For the machine that hosts Bifrost you’ll need to figure out:

  • The network interface you’re going to use for communication between the bare metal machines and the Bifrost services.

    On systems using firewalld (Fedora, CentOS and RHEL currently), a new zone bifrost will be created, and the network interface will be moved to it. DHCP, PXE and API services will only be added to this zone. If you need any of them available in other zones, you need to configure firewall yourself.

    Warning

    If you use the same NIC for bare metal nodes and external access, installing bifrost may lock you out of SSH to the node. You have two options:

    1. Pre-create the bifrost firewalld zone before installation and add the SSH service to it.

    2. Use the public zone by providing firewalld_internal_zone=public when installing.

  • Pool of IP addresses for DHCP (must be within the network configured on the chosen network interface).

  • Whether you want the services to use authentication via Keystone.

For each machine that is going to be enrolled in the Bare Metal service you’ll need:

  • The management technology you are going to use to control the machine (IPMI, Redfish, etc). See bare metal drivers for guidance.

  • An IP address or a host name of its management controller (BMC).

  • Credentials for the management controller.

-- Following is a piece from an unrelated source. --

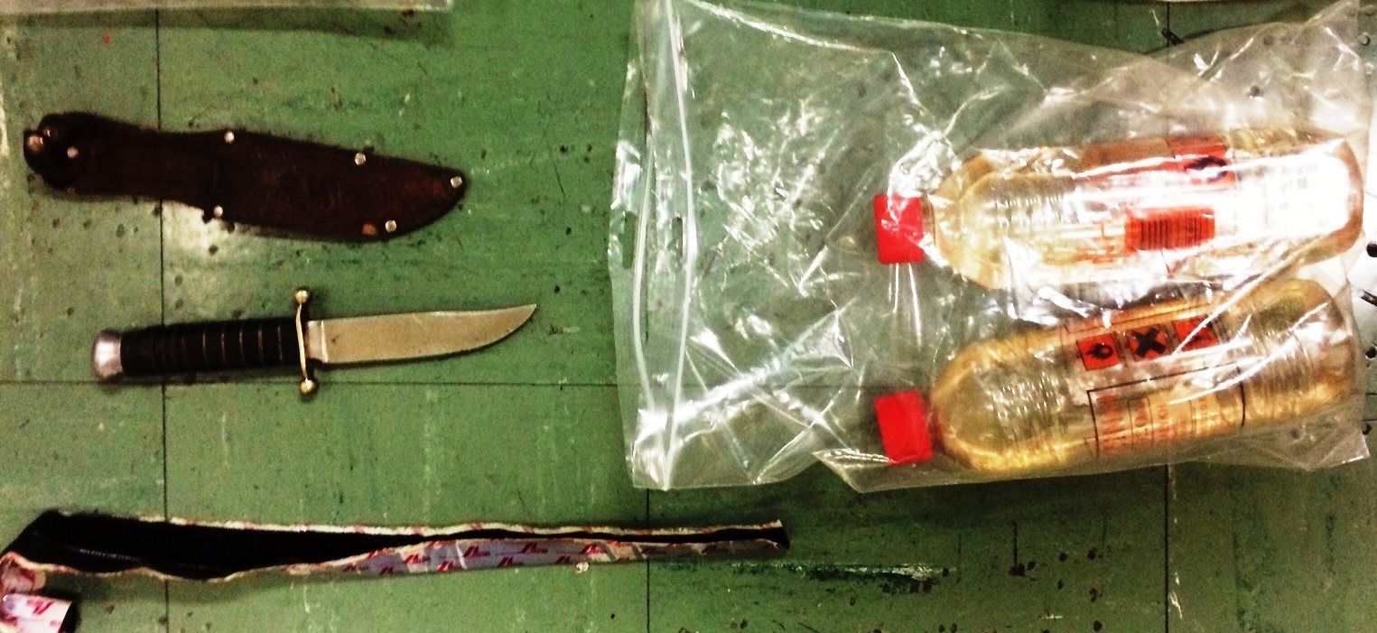 – δύο πλαστικά μπουκάλια με βενζίνη,
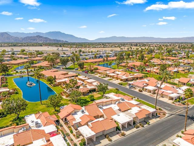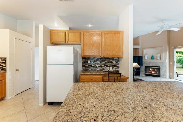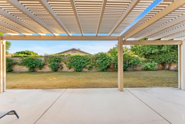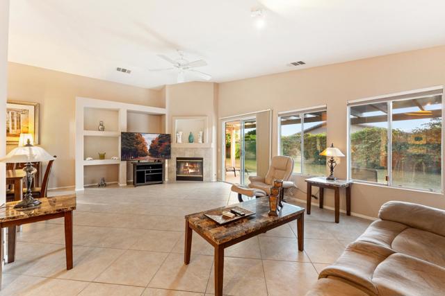 Welcome to this inviting 2 bedroom, 2 bath residence nestled within the sought after Indian Palms Country Club community. The home features an open layout with a well designed kitchen that includes an island, granite countertops, rich wooden cabinetry, and a stylish tile backsplash. Ceramic tile floors flow through the main living spaces, while the bedrooms offer soft carpeting for comfort. The living room is both spacious and cozy, highlighted by a fireplace, built-in shelving, and large double sliding glass doors that fill the space with natural light and provide easy access to the backyard. The master bedroom also opens to the outdoor area, creating a seamless connection between indoor and outdoor living. Both bathrooms feature tile floors, white tile showers, coordinating cabinetry, and bright countertops that complement the home's clean aesthetic. Out back, enjoy a generous covered wooden patio overlooking a lush grassy yard surrounded by brick walls and bushes for added privacy. Indian Palms Country Club offers outstanding amenities including a public golf course, clubhouse, and restaurant. Conveniently located near the Empire Polo Grounds, this home places you minutes away from the excitement of the Coachella and Stagecoach music festivals. Schedule your appointment today!

  • MAC address of the NIC the machine uses for PXE booting (optional for IPMI).

Required packages

To start with Bifrost you will need Python 3.6 or newer and the git source code management tool.

On CentOS/RHEL/Fedora:

sudo dnf install -y git python3

On Ubuntu/Debian:

sudo apt-get update
sudo apt-get install -y python3 git

On openSUSE:

sudo zipper install -y python3 git

Enable additional repositories (RHEL only)

The extras and optional dnf repositories must be enabled to satisfy bifrost’s dependencies. To check:

sudo dnf repolist | grep 'optional\|extras'

To view the status of repositories:

sudo dnf repolist all | grep 'optional\|extras'

The output will look like this:

!rhui-REGION-rhel-server-debug-extras/8Server/x86_64        Red H disabled
rhui-REGION-rhel-server-debug-optional/8Server/x86_64       Red H disabled
rhui-REGION-rhel-server-extras/8Server/x86_64               Red H disabled
rhui-REGION-rhel-server-optional/8Server/x86_64             Red H disabled
rhui-REGION-rhel-server-source-extras/8Server/x86_64        Red H disabled
rhui-REGION-rhel-server-source-optional/8Server/x86_64      Red H disabled

Use the names of the repositories (minus the version and architecture) to enable them:

sudo dnf config-manager --enable rhui-REGION-rhel-server-optional
sudo dnf config-manager --enable rhui-REGION-rhel-server-extras

Enable the EPEL repository (RHEL and CentOS)

Building Debian or Ubuntu based images on RHEL or CentOS requires a few extra pre-install steps, in order to have access to the additional packages contained in the EPEL repository.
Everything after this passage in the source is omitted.